Code quality assurance: Tox, Mypy and Github Actions CI/CD.

System Architecture

flowchart TD
    %% User Layer
    Demo[Demo Users<br/>continuous_predict.py]
    
    %% API Services Layer
    PredAPI[Prediction API<br/>:3000]
    FeedAPI[Feedback API<br/>:3001]
    DriftAPI[Drift Detection<br/>:3003]
    RetrainAPI[Retraining Service<br/>:3004]
    
    %% Storage Layer
    FeedStore[(Feedback Store<br/>rul_feedback.jsonl)]
    ModelStore[(Model Store<br/>models/*.joblib)]
    
    %% External Services
    Monitor[Prometheus :9090<br/>Grafana :3002]
    MLflow[MLflow :5000]
    
    %% Main Flow
    Demo -->|HTTP requests| PredAPI
    PredAPI -->|predictions| FeedAPI
    FeedAPI --> FeedStore
    FeedStore --> DriftAPI
    DriftAPI -->|trigger| RetrainAPI
    RetrainAPI --> ModelStore
    ModelStore -.->|hot reload| PredAPI
    
    %% Monitoring
    DriftAPI -.-> Monitor
    Monitor -.-> DriftAPI
    
    %% Experiment Tracking
    RetrainAPI --> MLflow
    
    %% Styling - Much Stronger Colors
    classDef service fill:#1976d2,stroke:#0d47a1,color:#ffffff
    classDef storage fill:#f57c00,stroke:#e65100,color:#ffffff
    classDef external fill:#7b1fa2,stroke:#4a148c,color:#ffffff
    classDef user fill:#388e3c,stroke:#1b5e20,color:#ffffff
    
    class Demo user
    class PredAPI,FeedAPI,DriftAPI,RetrainAPI service
    class FeedStore,ModelStore storage
    class Monitor,MLflow external

Demo serves as simulating users calling prediction endpoints concurrently.
Serving: BentoML microservices for prediction, feedback, drift detection, and retraining.
Feedback: JSONL storage (in a file to simplify) and compute basic RUL stats.
Monitoring: Prometheus metrics from services + Grafana dashboards.
Drift detection: PSI/KS style feature drift metrics and RMSE deltas with model baseline; can trigger retraining.
Local-first: designed to run on a single machine via Docker Compose.

Tech Stack

Python (pydantic, pandas, numpy, scikit-learn)
Serving: BentoML
Monitoring: Prometheus + Grafana (pre-provisioned dashboards)
Experiment tracking: MLflow (for runs/metrics; not using Model Registry)
Orchestration: Docker & Docker Compose

Dashboards and explanations

Overview

Shows health of each service.
The number of predictions made and errors (generated from bad input in the demo script).
Each different color is a different trained model.
Vertical purple lines are retraining triggers.

Drift

Grafana dashboard (10 minutes) for drift metrics and retraining trigger.

Metrics

RMSE baseline: RMSE of the last minute prediction and the actual RUL vs baseline for the last trained model. Warning (orange line) triggers retraining.
KS: Kolmogorov-Smirnov statistic for feature drift (KS > 0.1). Warning (orange line) triggers retraining.
PSI: Percentage of features that have changed significantly (PSI > 0.1). Warning (orange line) triggers retraining.

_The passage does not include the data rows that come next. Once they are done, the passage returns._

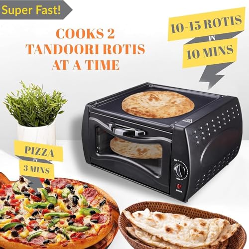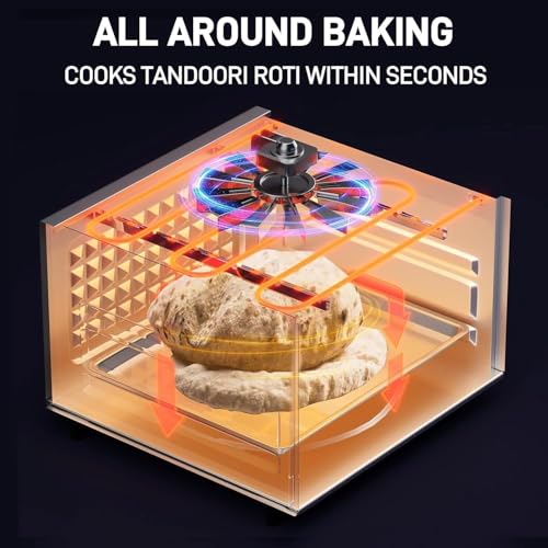 - 【Compact and Lightweight】: tandoori electric oven is 15.5'' W x 15'' L x 10'' H making it perfect for kitchen countertops whilst also having the internal capacity to bake a pizza within 4 minutes and 10-15 Tandoori Rotis in 10 minutes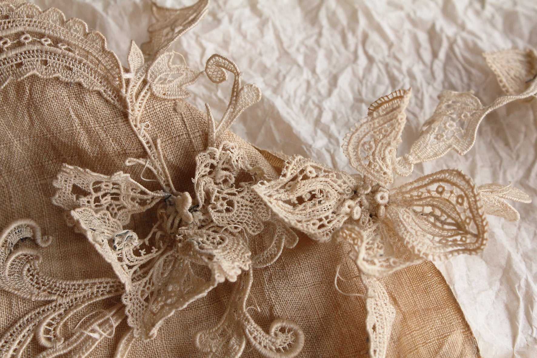 Beautiful Rare Sculptured Panel of Schiffli Linen Lace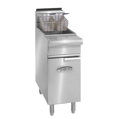 Revolutionize your cooking setup with the Imperial IRF-50-OP Fryer. This gas floor model fryer is designed to meet the demands of a busy commercial restaurant kitchen. With a 50lb. capacity and open pot design, this fryer allows you to cook large quantities of delicious fried foods with ease. The snap action thermostat ensures precise temperature control, while the included wire mesh crumb screen and nickel-plated baskets make cleaning a breeze. Made with durable stainless steel, this fryer is built to withstand the rigors of a busy kitchen. The front, door, sides, and basket hangers are also constructed from stainless steel for added durability. With 6" legs, this fryer is easy to move and position in your kitchen. With a powerful 120000 BTU, this fryer delivers quick and efficient cooking results. NSF, CE, and CSA certified, you can trust the quality and safety of this Imperial fryer. Upgrade your kitchen equipment with the Imperial IRF-50-OP Fryer and experience the difference in performance and reliability.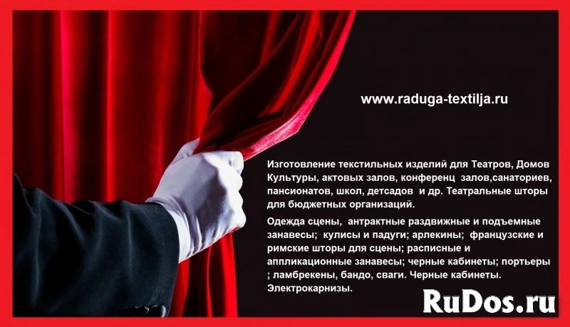 Изготовление текстильных изделий для Театров, Домов Культуры, актовых залов, конференц залов, санаториев, пансионатов, школ, детсадов и др. Театральные шторы для бюджетных организаций. Предоставляем услуги по пошиву одежды для сцены, изготовлению занавесов, арлекинов, кулис и сценических задников.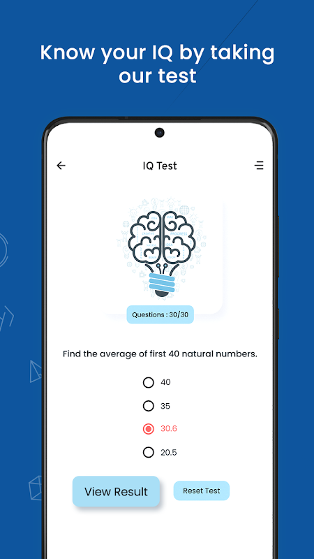 =>智商測試包括邏輯推理問題,並根據答案檢查您的智商水平。 (它還會在所有問題的結果時給出正確的答案)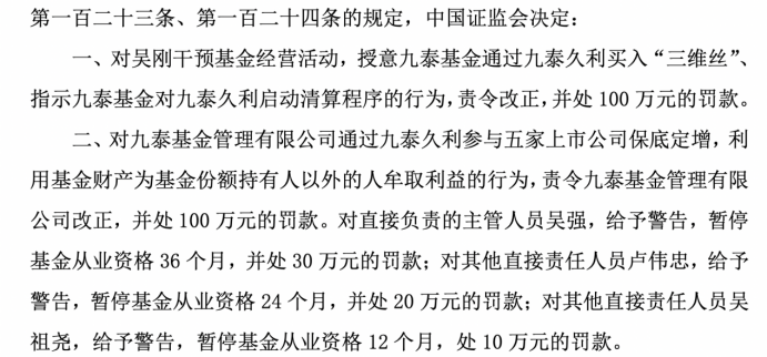根据处罚书可以得知,吴刚利用旗下九泰基金买入三维丝(现已更名为“中创环保”)年化收益率不低于12%的“保价”股票,证监会责令改正,因此被处罚100万元。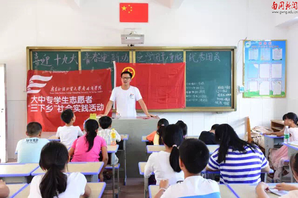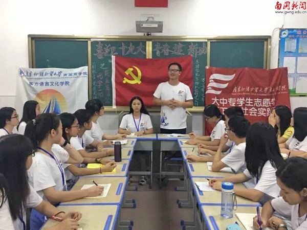 2017年暑假期间,我校组织184名学生共7支三下乡社会实践队伍分别赴清远、河源等地开展以“喜迎十九大,青春助新功”为主题的“三下乡”社会实践活动。在本次三下乡社会实践活动中,我校学生践行学校“通基础,精专业,强外语,重实践”的办学理念,将所学专业带入支教课堂中,并且结合本次三下乡活动的主题,立足于中国梦的学习基础上,为支教点的学生讲述“一带一路”倡议的积极意义,同时创新课堂形式,以课堂教学、科普宣传、社会调研、拜访老党员以及捐赠物资等内容开展实践活动。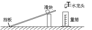 (1)实验时,让滑块从不同高度由静止沿斜面下滑,并同时打开水龙头的阀门,使水流到量筒中;当滑块碰到挡板的同时关闭阀门(整个过程中水流可视为均匀稳定的)。该实验探究方案是利用量筒中收集的水量来测量 的。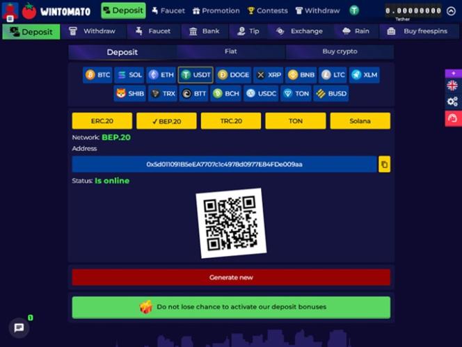 賭場的收銀台僅支援加密貨幣支付方式,並支援多種主流加密貨幣進行存款和提款。如果您尚未過渡到加密貨幣線上博彩,請注意,這裡不提供傳統的銀行服務。

Each orange rectange signifies a drift signal -> calling for a retraining.
Each purple line is a newly trained model (v1.0, v2.0, v3.0, etc).

Without any retraining, it looks like this :

Data & Modeling

Dataset: NASA C-MAPSS turbofan engine degradation time series (multiple units, cycles, sensor readings).
Source: https://www.kaggle.com/datasets/behrad3d/nasa-cmaps

Features: per-engine time-based features on multiple cycles (3 settings, 21 sensors).
Already delivered with a train split, and a test split. We have ground truth RUL for both of them.
Model: Random Forest for speed/simplicity and quick iterations. Model bundles and feature names are tracked and hot-reloaded by the prediction service.
Results: RUL prediction performance for demonstrating lifecycle behaviors. The emphasis is on the system performances rather than SOTA metrics. (for this portfolio project)
Future: explore LSTM/GRU or other sequence models for improved sequence modeling.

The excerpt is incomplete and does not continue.